Он пришел домой, лег и уснул раньше обычного. Но примерно час спустя проснулся от боли в желудке. Это был его старый недуг, который всегда давал о себе знать в минуты депрессии. Он отворил аптечку и чертыхнулся. Никаких лекарств там не было. Он напрочь забыл запастись ими. Он попытался подавить приступ волевым усилием, и ему даже удалось это, однако снова уснуть уже не мог. Когда Тереза в половине второго ночи вернулась домой, ему захотелось потолковать с ней. Он стал рассказывать о похоронах и о том, как редактор отказался говорить с ним; рассказал и о встрече с коллегой С.
— Прага стала омерзительна, — сказала Тереза.
— Да, стала, — сказал Томаш.
Чуть погодя Тереза тихо сказала:
— Самое лучшее было бы уехать отсюда.
— Наверное, — сказал Томаш, — но некуда ехать. Он сидел на кровати в пижаме, она подсела к нему и обняла сбоку за плечи.
Она сказала:
— В деревню.
— В деревню? — удивился он.
— Там мы были бы одни. Там ты не встречался бы ни с редактором, ни со своими бывшими коллегами. Там другие люди и там природа, которая осталась такой же, какой была всегда.
Томаш снова почувствовал слабые боли в желудке; он вдруг ощутил себя старым, и ему стало казаться, что он уже ни о чем не мечтает, кроме покоя и тишины.
— Может, ты и права, — сказал он с трудом; боли не давали ему свободно дышать.
Тереза продолжала:
— У нас был бы там домик и маленький сад. По крайней мере, Каренину было бы где вволю побегать.
— Пожалуй, — сказал Томаш.
Он представил себе, что будет, если они и впрямь уедут из Праги. В деревне трудно будет каждую неделю находить другую женщину. И его эротическим авантюрам там наверняка придет конец.
— В деревне, правда, ты скучал бы со мной, — сказала Тереза, словно читая его мысли.
Боли снова усилились. Он не мог говорить. Ему подумалось, что его погоня за женщинами тоже своего рода “Es muss sein!”, императив, который порабощал его. Он мечтал о каникулах. Но о каникулах полноценных, то есть об отдыхе от всех императивов, от всех “Es muss sein!”. Если он смог отдохнуть (и навсегда) от операционного стола больницы, почему бы ему не отдохнуть от того операционного стола мира, на котором он открывал воображаемым скальпелем шкатулку, где женщины скрывали иллюзорную миллионную долю своей непохожести?

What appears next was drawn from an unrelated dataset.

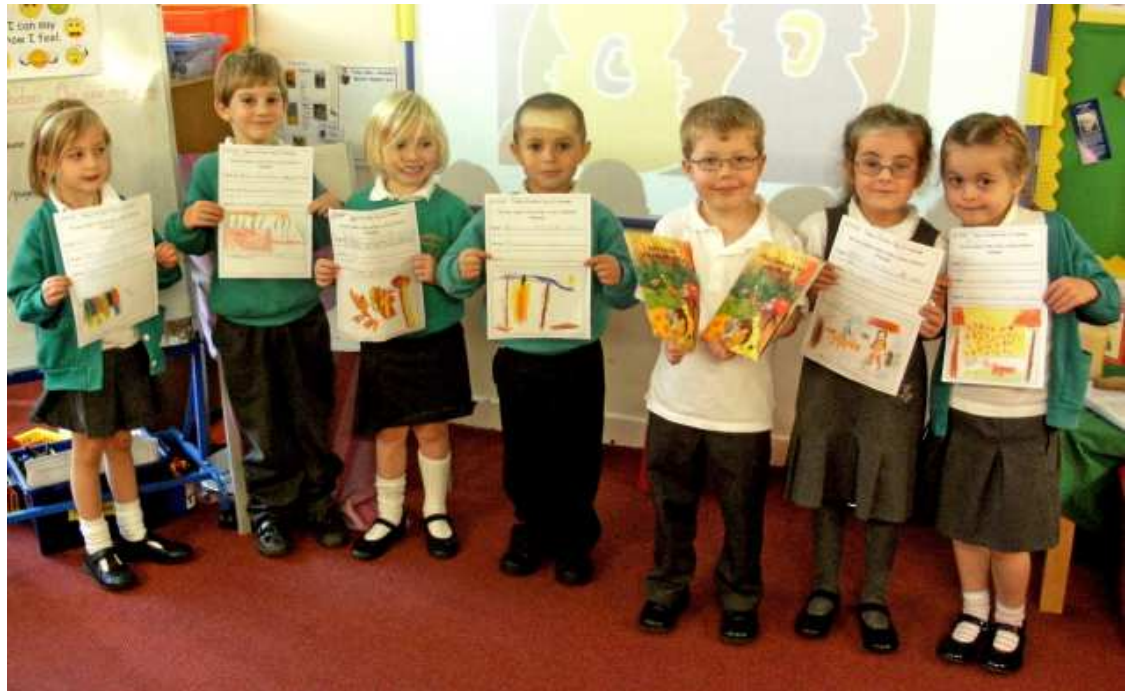
Our picture shows some charming children from class one with their illustrations, while one young man shows the books in Spanish and German.

On September 24th every class made such a study at a level suitable for their age. For example, class one looked at copies of the same book in English, Spanish and German, wrote down the translations and illustrated them. They also looked at flags, and learned the numbers one to ten in Italian.

— У тебя желудок болит! — только сейчас догадалась Тереза. Он подтвердил.
— Ты сделал укол?
Он покачал головой:
— Забыл достать лекарства.
Она сердилась на него за невнимание к себе и гладила его по лбу, слегка увлажненному от боли.
— Сейчас немного легче, — сказал он.
— Ложись, — сказала она и прикрыла его одеялом. Потом ушла в ванную, а спустя немного легла рядом с ним.
Он повернул к ней на подушке голову и ужаснулся: печаль, которую излучали ее глаза, была непереносима.
Он сказал:
— Тереза, скажи мне. Что с тобой? В последнее время с тобой что-то происходит. Я это чувствую. Я знаю.
Она покачала головой: — Нет, со мной ничего.
— Не отпирайся!
— Все то же самое, — сказала она.
“Все то же самое” означало ее ревность и его измены.
Томаш продолжал упорствовать:
— Нет, Тереза. На этот раз что-то другое. Так плохо тебе еще никогда не было.
Тереза сказала:
— Ну, хорошо, скажу. Ступай вымой волосы.
Он не понял ее.
Она сказала грустно, без всякой враждебности, почти нежно:
— Твои волосы уже несколько месяцев невозможно пахнут. Пахнут срамным местом какой-то женщины. Я не хотела говорить тебе об этом. Но уже много ночей я дышу срамом твоей любовницы.
Как только она сказала это, у него тут же снова заболел желудок. Он пришел в отчаяние. Он же так тщательно моется! Он без конца трет себя губкой, все тело, руки, лицо, чтобы нигде не оставалось и следа чужого запаха. Он избегает пахучего мыла в чужих ванных, повсюду носит только свое, простое. А вот о волосах забыл! Нет, ему даже в голову не пришло подумать о волосах!
И он вспомнил женщину, которая садится ему на лицо и хочет, чтобы он любил ее лицом и теменем. Сейчас он ненавидел ее! Что за идиотские выдумки! Он видел, что отрицать что-либо бесполезно и что ему остается лишь, глупо улыбаясь, отправиться в ванную и вымыть голову.
Она снова погладила его по лбу:
— Лежи. Это уже не имеет значения. Я привыкла.
У него болел желудок, и он мечтал о покое и тишине.
Он сказал:
— Я напишу больному, которого мы встретили на курорте. Ты знаешь тот край, где его деревня?